Средства без цели. Заметки о политике | страница 26



Он заставляет проявиться бытие-в-среднем человека и тем самым открывает перед ним этическое измерение. Но как в порнографическом фильме, человек, снятый в момент совершения жеста, являющегося просто средством, направленным на цель предоставить удовольствие другим (или себе самому), благодаря самому факту съёмки и показа в самой своей медийности, временно отделён от неё и может стать для зрителей посредником нового удовольствия (которое иначе было бы непонятным): или, как у мима, жесты, направленные на самые привычные цели, выставляются как таковые, и тем самым остаются в незавершённом состоянии “entre le désir et l’accomplissement, la perpétration et son souvenir”[45], в том, что Малларме называл milieu pur[46]; так и в случае с жестом – это сфера не цели самой по себе, а чистого и бесцельного опосредования, сообщаемого людям.

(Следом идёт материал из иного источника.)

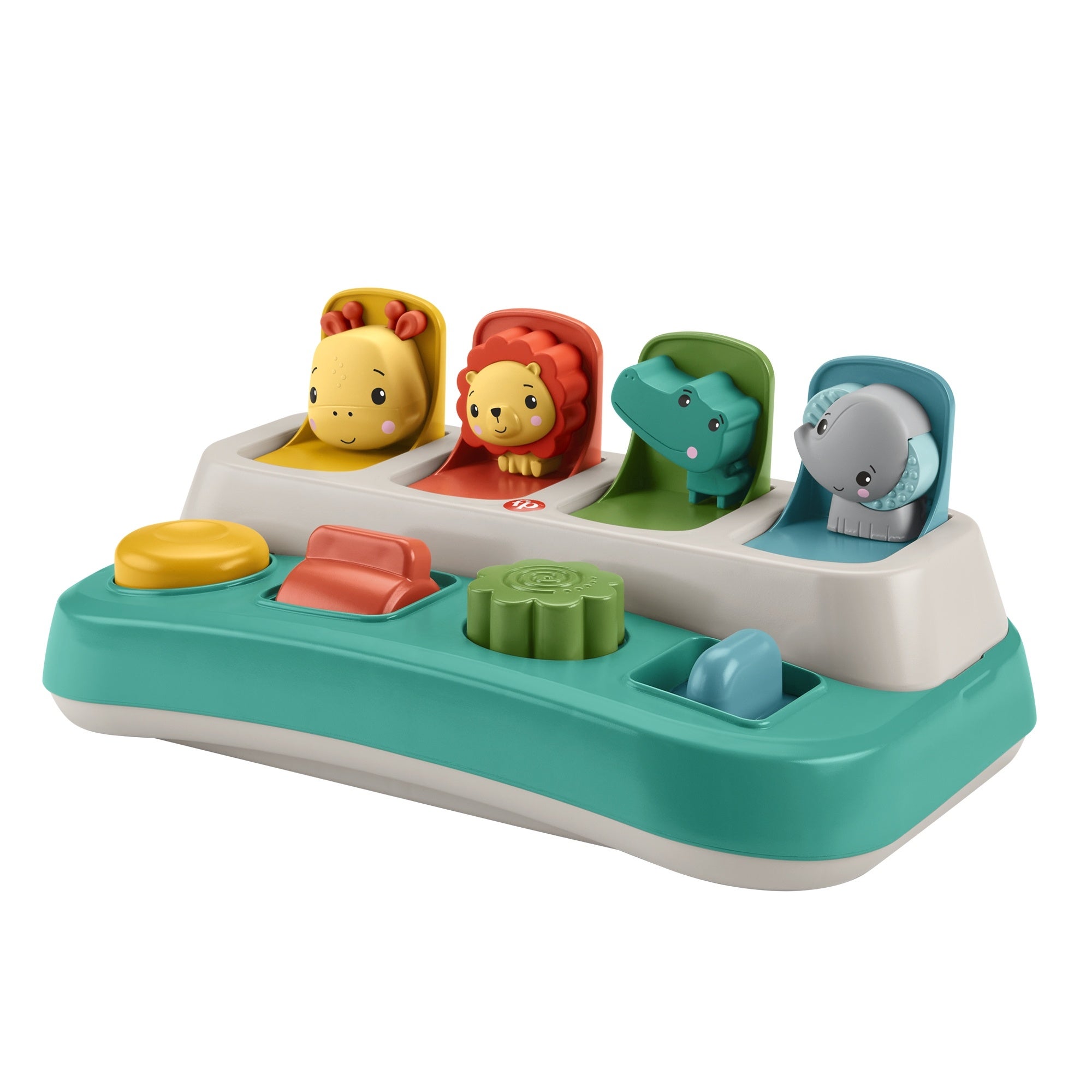 しかけの違う4種類のボタンを押す・たおす・回す・スライドすると、ゆかいな音とともに動物がぴょっこり飛び出します。小さな動物園でいろいろな動物を見つけて隠して何度も楽しむことができる商品です。指遊びで手指の発達を促すのはもちろん、どうすると動物が飛び出すのか因果関係を理解し、思考を刺激する知育おもちゃです。

Только в этом смысле малопонятное выражение Канта «целесообразность без цели»>{27} обретает конкретное значение. Она является в средстве скрытой возможностью жеста, нарушающей его собственное бытие-средства и тем самым выставляющей его на свет, превращая res в res gesta. Точно так же при буквальном понимании средств коммуникации демонстрация слова подразумевает не обладание более высоким уровнем (уровнем метаязыка, невыразимого внутри первого уровня), на котором можно создавать из него объект коммуникации, а его обнажение без всякой трансценденции в присущей ему посреднической роли, в его бытии средства. Жест в данном смысле является сообщением о способности сообщать. Ему абсолютно нечего сказать, потому что он показывает лишь человеческое бытие-в-языке как чистое опосредование. Но поскольку бытие-в-языке невозможно выразить в предложениях, жест в своей сути всегда остаётся жестом непостижимости в языке, это всегда «гэг» в прямом смысле этого слова, в первую очередь означающего кляп во рту, препятствующий слову, а во вторую – актёрскую импровизацию, восполняющую пробел в памяти или неспособность говорить. Отсюда не только близость между жестом и философией, но также между философией и кинематографом. «Немая сцена», столь важная для кино (у которой нет ничего общего с присутствием или отсутствием звуковой дорожки), как и немота в философии, является демонстрацией человеческого бытия-в-языке: чистой жестикуляцией. Определение мистики у Витгенштейна как демонстрации того, что нельзя сказать, является буквальным определением «гэга». Любой великий философский текст является «гэгом», выставляющим на свет сам язык, само бытие-в-языке, как гигантскую пустоту памяти, как неизлечимый дефект слова.